I nod. “Well, I’ll check her out,” I say. “Thanks, Jess.”

She nods slowly and gives me a funny look before waving at India. “Let me know if you need anything!”

“I will,” India says as she stands up too, but her eyes are on me. Jess returns to her book behind the counter, and still India stares at me.

“What?” I say, a little defensive.

“You’ll check who out?” she says instead of responding to my very reasonable question.

I blink at her. “What?”

She straightens up and folds her arms slowly across her chest, her eyes narrowing with interest. “You said you would check her out,” she says. “After you got done being super awkward about different kinds of romances, you said you’d ‘check her out.’ I’ll check her out. That’s what you said.”

I shift uncomfortably and snort. “I said I’d check them out. Them . Not her.”

“No,” India says as a smile creeps over her lips, a sly expression I don’t at all care for. “I’m very certain you said her . So what’s that little Freudian slip about, hmm?” She takes a step toward me as her head tilts. “Who are you checking out, Caine? It wouldn’t be your best friend’s sister, would it?”

My denial seems to be stuck in my throat, lodged in there along with my heart as it thunders against my Adam’s apple.

“Only sometimes,” I find myself saying, the words hoarse.

Time stops as the admission leaves my mouth—it’s just the two of us in the entire world, staring at each other, both of us surprised by what I’ve just said.

India recovers first. “Mmm,” she hums, stepping closer still, her eyes dancing—with humor, yes, but also with something sharper, more aware.

A siren begins to blare in my brain, accompanied by a flashing red light— Warning! Warning! —and yet my feet are rooted to the spot, my body somehow frozen and burning at the same time.

“What are you doing?” I croak as India stares up at me. Be cool! I scream at myself, but I am not cool. I am sweating in places I don’t normally sweat, and I have no idea why.

“Only sometimes?” she says instead of answering.

“Only sometimes,” I confirm, and I’m pleased to find that although my voice is still hoarse, I at least sound more steady now.

“I thought you said I wasn’t your type,” she says softly.

Hmm. I did say that. It was mostly true. I clear my throat and then speak. “You’re not.
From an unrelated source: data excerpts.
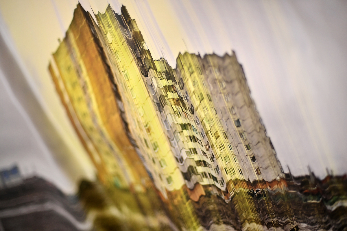 Наталья Лотарева, еще одна петербурженка, оставила после себя в Норильске «Геометрию тепла». Это и название ее проекта, и то чувство, которое вызывают текстильно-графические композиции «Там, где ночь выцветает» или сама «Геометрия тепла». Первые посетители выставки, а это были старшеклассники СШ №28, из понравившегося чаще других называли работы Натальи Лотаревой.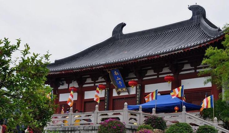 南山寺是一座仿盛唐风格、居山面海的大型寺院。南山寺是已故中国佛教协会会长赵朴初亲临选址,经国家宗教局批准,于1995年11月11日奠基,1998年4月12日建成。现有仿唐建筑仁王殿、天王殿、钟楼、转轮藏、东西爬山廊、东西配殿、金堂等建筑群,总建筑面积5500㎡。整个建筑气势恢宏,为中国近五十年来新建的最大佛教道场,也是中国南部最大的寺院。自古名寺出高僧,南山寺的方丈是86岁高龄的高僧新成大和尚,监院是中国佛教协会副会长明生法师。南山寺第二期工程已启动。按照规划设计,第二期工程遵循古代大型佛教寺院方正划一、主次分明的特点,将主要建筑集在中轴线上,在两侧设置12个不同功能的四合院。二期工程完成后,整个南山寺东西宽188米,南北长416米,共8个台阶总高差49米,总建筑面积4万平方米。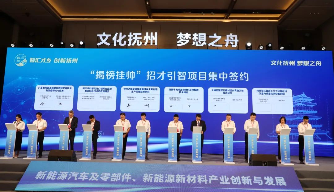 启动仪式上,还举行了校地校企合作招院引所项目、重大技术项目攻关“揭榜挂帅”招才引智项目、新能源汽车及零部件和新能源新材料产业链招商引资项目签约仪式;新能源汽车及零部件产业和新能源新材料产业链博士服务团成立授牌仪式和2021年“揭榜挂帅”项目兑榜仪式;大连理工大学汽车工程学院院长、教授、博士生导师赵剑,上海交通大学教务处处长、致远学院常务副院长、燃料电池研究所所长章俊良,深圳比克动力电池有限公司CTO林建分别作了主旨演讲。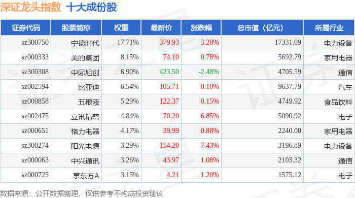 深证龙头(399653)指数十大成份股详情如下: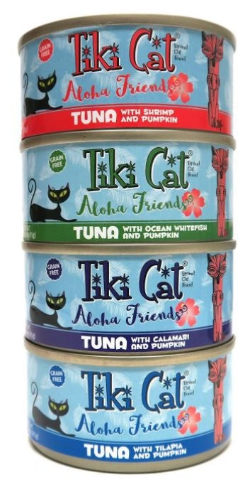 Shop / Unknown Type / Tiki Cat Aloha Friends Grain Free Variety Pack Canned Cat Food Tiki Cat Aloha Friends Grain Free Variety Pack Canned Cat Food Tiki Cat Weight: 3 oz, case of 12 $18.99 3-oz, case of 12 Purchase Options Free In-Store Pick Up Not Available Save 10% on orders $49+ Set your store for inventory and store pickup details Zip Code Search Same-day Delivery* No minimum charge for delivery orders. *Order before 2pm and have it delivered today. Orders placed after 2pm will be delivered the next day. Must be inside delivery radius. Zip Code Unfortunately delivery is not available to this address. In order to ensure the best availability accuracy, changing your selected store will remove all items from your cart. You will need to re-add these items with your newly selected store if you choose to continue. Continue Cancel Ship it to Me Quantity Add To Cart Feeding guide disclaimer ✕ Feeding guides provide a starting point for the amount of food to give your pet each day. We recommend that you keep your pet in ideal body condition and not allow them to become overweight. The amount of food your pet needs can vary based on age, activity level or other food and treats given, so be sure to work with your veterinarian to determine an appropriate weight for your pet, and to make any necessary adjustments to their feeding. Information 12-can Variety Pack featuring 4 Grain Free Flavors: 3 cans of Tuna with Tilapia and Pumpkin 3 cans of Tuna with Ocean Whitefish and Pumpkin 3 cans of Tuna with Shrimp and Pumpkin 3 cans of Tuna with Calamari and Pumpkin Made with whole fish & pumpkin, Tiki Cat® Aloha Friends™brand cat food provides a complete and balanced, and highly digestible diet for cats. -Fresh, Sustainably Sourced Ingredients that are GMO and Gluten Free -Wild Caught, Dolphin Safe Tuna, Mercury Tested for Safety -With Pumpkin, a High Moisture, Gentle Fiber, Rich in Antioxidants -Hand-Packed in Human-Grade Facilities -Complete & Balanced for All Life Stages -Grain Free Ingredients Tuna with Tilapia and Pumpkin Flaked tuna, tuna broth, pumpkin, tilapia, sunflower seed oil, calcium lactate, tricalcium phosphate, choline chloride, taurine, vitamin E supplement, zinc sulfate, thiamine mononitrate (vitamin B1), niacin (vitamin B3), calcium pantothenate, manganese sulfate, vitamin A supplement, potassium iodide, ferrous sulfate, riboflavin supplement (vitamin B2), pyridoxine hydrochloride (vitamin B6), copper sulfate, folic acid, vitamin B12 supplement. Tuna with Ocean Whitefish and Pumpkin Flaked tuna, tuna broth, pumpkin, ocean whitefish, sunflower seed oil, calcium lactate, tricalcium phosphate, choline chloride, taurine, vitamin E supplement, zinc sulfate, thiamine mononitrate (vitamin B1), niacin (vitamin B3), calcium pantothenate, manganese sulfate, vitamin A supplement, potassium iodide, ferrous sulfate, riboflavin supplement (vitamin B2), pyridoxine hydrochloride (vitamin B6), copper sulfate, folic acid, vitamin B12 supplement. Tuna with Shrimp and Pumpkin Flaked tuna, tuna broth, pumpkin, shrimp, sunflower seed oil, calcium lactate, tricalcium phosphate, choline chloride, taurine, vitamin E supplement, zinc sulfate, thiamine mononitrate (vitamin B1), niacin (vitamin B3), calcium pantothenate, manganese sulfate, vitamin A supplement, potassium iodide, ferrous sulfate, riboflavin supplement (vitamin B2), pyridoxine hydrochloride (vitamin B6), copper sulfate, folic acid, vitamin B12 supplement Tuna with Calamari and Pumpkin Flaked tuna, tuna broth, pumpkin, calamari, sunflower seed oil, calcium lactate, tricalcium phosphate, choline chloride, taurine, vitamin E supplement, zinc sulfate, thiamine mononitrate vitamin B1), niacin (vitamin B3), calcium pantothenate, manganese sulfate, vitamin A supplement, potassium iodide, ferrous sulfate, riboflavin supplement (vitamin B2), pyridoxine hydrochloride (vitamin B6), copper sulfate, folic acid, vitamin B12 supplement Customers also liked Customer Reviews

When I look at you, it’s only as an objective admirer of beauty.” I let my gaze flit over her briefly. “You look good in white. Your hair is pretty. That kind of thing.” I cringe internally as the words leave my mouth, because they make me sound like a middle school kid writing his first Valentine’s Day card.

“Don’t flirt with me, Felicia,” she says with a snort, but her gaze is serious as she goes on, “I don’t want to fall for you again. Got it?”

My brain stills as she steps back.

“Again?” I say.

“Let’s get on with it,” she says briskly. She nods to the camera around my neck. “Do you need to take pictures? Go ask Jess if you’re allowed. I’m going to wait outside.” She swallows and addresses a spot somewhere over my left shoulder. “It’s kind of warm in here.”